Ein internationales Forschungsteam der Goethe-Universität hat durch präzise Messungen und innovative Computermodellierungen eine bislang unbekannte Quelle für das klimaschädliche Gas Schwefelhexafluorid (SF6) in Süddeutschland identifiziert. Diese Emissionsquelle war in der bisherigen deutschen Klimabilanz nicht erfasst. SF6 ist ein chemisch sehr stabiles, geruch- und farbloses Gas, das vor allem in der elektrischen Energieversorgung als Isolier- und Schutzgas verwendet wird. In der Vergangenheit fand es auch Anwendung als Füllgas in Sportschuhen und in Schallschutzfenstern, was jedoch 2006 aufgrund seiner schädlichen Eigenschaften eingestellt wurde.

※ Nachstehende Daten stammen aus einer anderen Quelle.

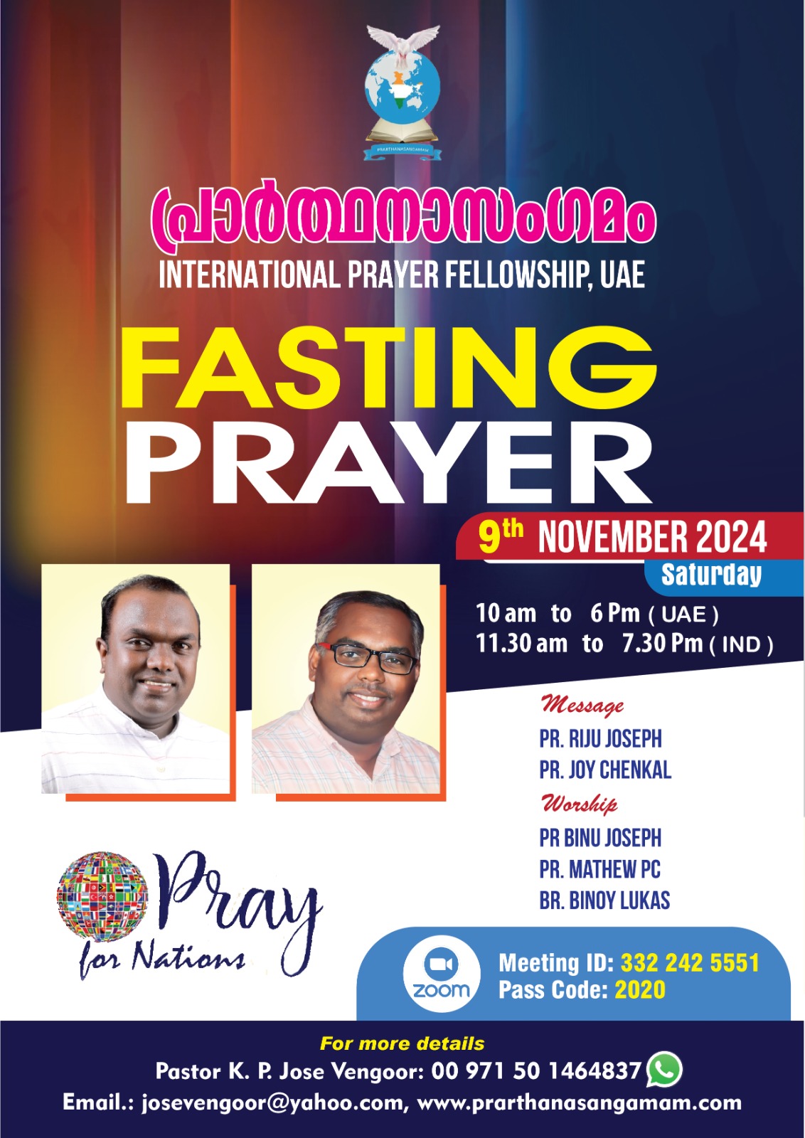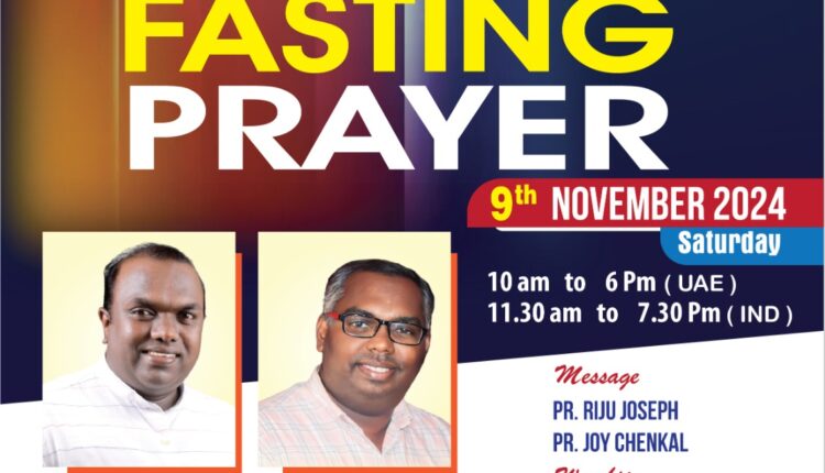 ഷാർജ : ഇന്റർനാഷണൽ പ്രയർ ഫെലോഷിപ്പ് പ്രാർത്ഥനാസംഗമം ഒരുക്കുന്ന ഉപവാസ പ്രാർത്ഥന നവംബർ 9 ശനിയാഴ്ച രാവിലെ പത്തു മുതൽ രാത്രി ആറു വരെ (യു. എ. ഇ സമയം ) നടക്കും. പാസ്റ്റർ റിജു ജോസഫ് , പാസ്റ്റർ ജോയ് ചീനക്കൽ എന്നിവർ പ്രസംഗിക്കും. പാസ്റ്റർ ബിനു ജോസഫ് ,പാസ്റ്റർ മാത്യു പി. സി, ബ്രദർ ബിനോയ് ലൂക്കാസ് എന്നിവർ ആരാധനക്ക് നേതൃത്വം നൽകും. രാജ്യങ്ങൾക്കായും ( Pray for Nations ) മറ്റു വിഷയങ്ങൾക്കായും പ്രാർത്ഥിക്കും. പാസ്റ്റർ കെ. പി. ജോസ് വേങ്ങൂർ നേതൃത്വം നൽകും. Zoom മീറ്റിംഗ് ID 332 242 5551 Paascode: 2020

Schwefelhexafluorid gilt als das potenteste Treibhausgas, da ein Kilogramm SF6 den gleichen Treibhauseffekt verursacht wie etwa 24 Tonnen Kohlenstoffdioxid (CO2). Aufgrund dieser hohen Klimawirkung sind Staaten verpflichtet, ihre Emissionen dieses Gases regelmäßig an die Vereinten Nationen zu melden. Bisher wurde angenommen, dass der Großteil der deutschen SF6-Emissionen aus der Entsorgung alter Schallschutzfenster stammt, bei denen das Gas freigesetzt wird.
Die Forscher der Goethe-Universität, angeführt von Professor Andreas Engel, haben jedoch herausgefunden, dass die tatsächlichen Emissionen aus einer Region in Südwestdeutschland deutlich höher sind als vermutet. Am Taunus Observatorium, das seit 2023 Teil des internationalen Messnetzwerks AGAGE (Advanced Global Atmospheric Gas Experiment) ist, wurden die höchsten SF6-Konzentrationen in Europa registriert. „Besonders auffällig sind die hohen Werte bei südlicher Windströmung“, erklärt Engel.
Im Rahmen einer vom Umweltbundesamt geförderten Studie wurde die Emissionssituation genauer untersucht. Die Wissenschaftler fanden heraus, dass die höchsten Konzentrationen in Luftproben des ICOS-Netzwerks (Integrated Carbon Observation System) aus Karlsruhe zu verzeichnen waren. Dank atmosphärischer Transportmodelle und inverser Modellierung konnten sie die Emissionen regional zuordnen. Überraschenderweise stammten etwa 30 Tonnen SF6 pro Jahr aus der Region Heilbronn, was rund einem Drittel der gesamten deutschen SF6-Emissionen entspricht.
Obwohl diese Menge im globalen Kontext von etwa 8000 Tonnen SF6-Emissionen, zu denen allein China mit etwa 5000 Tonnen pro Jahr beiträgt, relativ gering erscheint, ist die regionale Verteilung der Emissionen bemerkenswert. Bisherige Annahmen, die die Emissionen hauptsächlich der Entsorgung alter Schallschutzfenster zuschrieben, könnten somit überdacht werden. Die einzige bekannte Produktions- und Recyclinganlage für SF6 in Europa befindet sich in der betroffenen Region, was die Ergebnisse der Studie weiter verstärkt.
Die Hauptautorin der Studie, Katharina Meixner, hebt hervor, dass es wichtig ist, die Quellen der Emissionen genau zu kennen, um eine korrekte Bilanzierung und gezielte Maßnahmen zur Reduzierung von Treibhausgasen zu ermöglichen. Professor Engel weist darauf hin, dass frühere Studien gezeigt haben, dass die Emissionen bei der Herstellung, Nutzung und dem Recycling solcher hochflüchtigen Stoffe oft höher sind als ursprünglich angenommen.
Diese Erkenntnisse tragen dazu bei, die bisherigen Emissionsschätzungen, die hauptsächlich auf theoretischen Annahmen basieren, durch empirische Daten zu validieren und zu ergänzen. Neben SF6 erforscht das Team auch andere halogenierte Treibhausgase und ozonabbauende Substanzen. Die Resultate dieser Studie wurden in der Fachzeitschrift ACS Environmental Science & Technology – Air veröffentlicht und könnten weitreichende Auswirkungen auf die zukünftige Klimapolitik haben.
Das Verständnis der Emissionsquellen ist entscheidend für effektive Umweltstrategien. Angesichts der globalen Klimakrise wird es immer wichtiger, präzise Daten zu sammeln und zu analysieren, damit effektive Maßnahmen zur Emissionsreduktion ergriffen werden können.